What you will do:
A verbatim copy of all the data is required; the pictures should not appear in it.

The data:
§

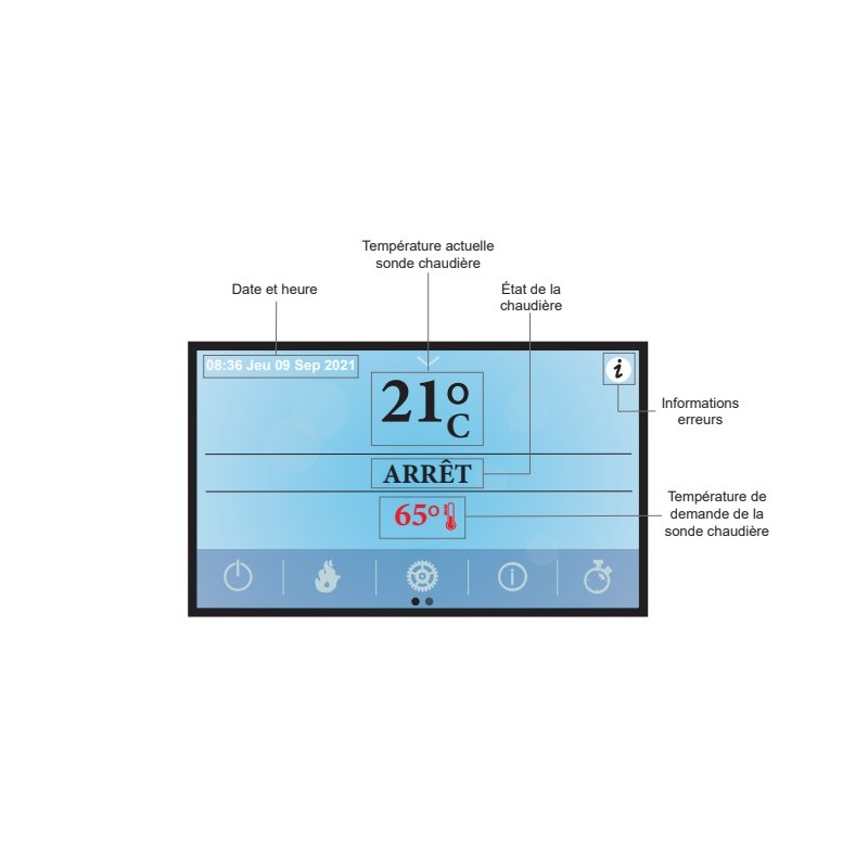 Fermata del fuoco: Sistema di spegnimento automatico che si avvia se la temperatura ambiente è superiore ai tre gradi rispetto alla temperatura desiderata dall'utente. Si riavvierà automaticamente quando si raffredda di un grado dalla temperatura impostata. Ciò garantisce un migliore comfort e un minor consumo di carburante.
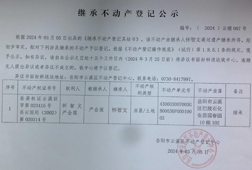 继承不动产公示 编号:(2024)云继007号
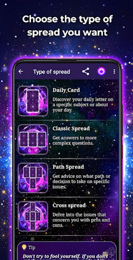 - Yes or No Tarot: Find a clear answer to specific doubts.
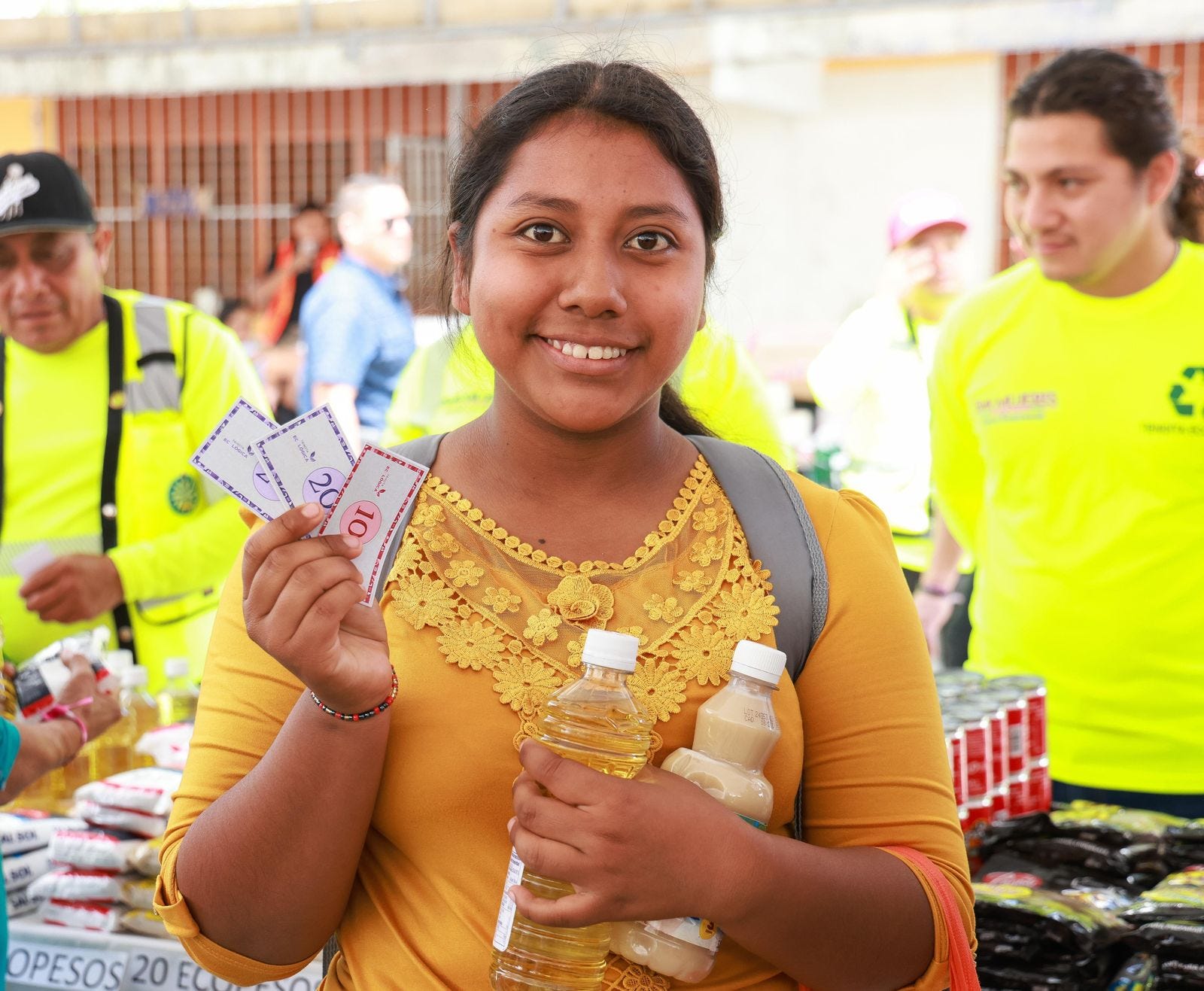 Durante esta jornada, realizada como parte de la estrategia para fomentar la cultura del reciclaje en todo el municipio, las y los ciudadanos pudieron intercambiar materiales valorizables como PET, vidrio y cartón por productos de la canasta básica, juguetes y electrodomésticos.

§

Solved problem:
 Fermata del fuoco: Sistema di spegnimento automatico che si avvia se la temperatura ambiente è superiore ai tre gradi rispetto alla temperatura desiderata dall'utente. Si riavvierà automaticamente quando si raffredda di un grado dalla temperatura impostata. Ciò garantisce un migliore comfort e un minor consumo di carburante.
 继承不动产公示 编号:(2024)云继007号
 - Yes or No Tarot: Find a clear answer to specific doubts.
 Durante esta jornada, realizada como parte de la estrategia para fomentar la cultura del reciclaje en todo el municipio, las y los ciudadanos pudieron intercambiar materiales valorizables como PET, vidrio y cartón por productos de la canasta básica, juguetes y electrodomésticos.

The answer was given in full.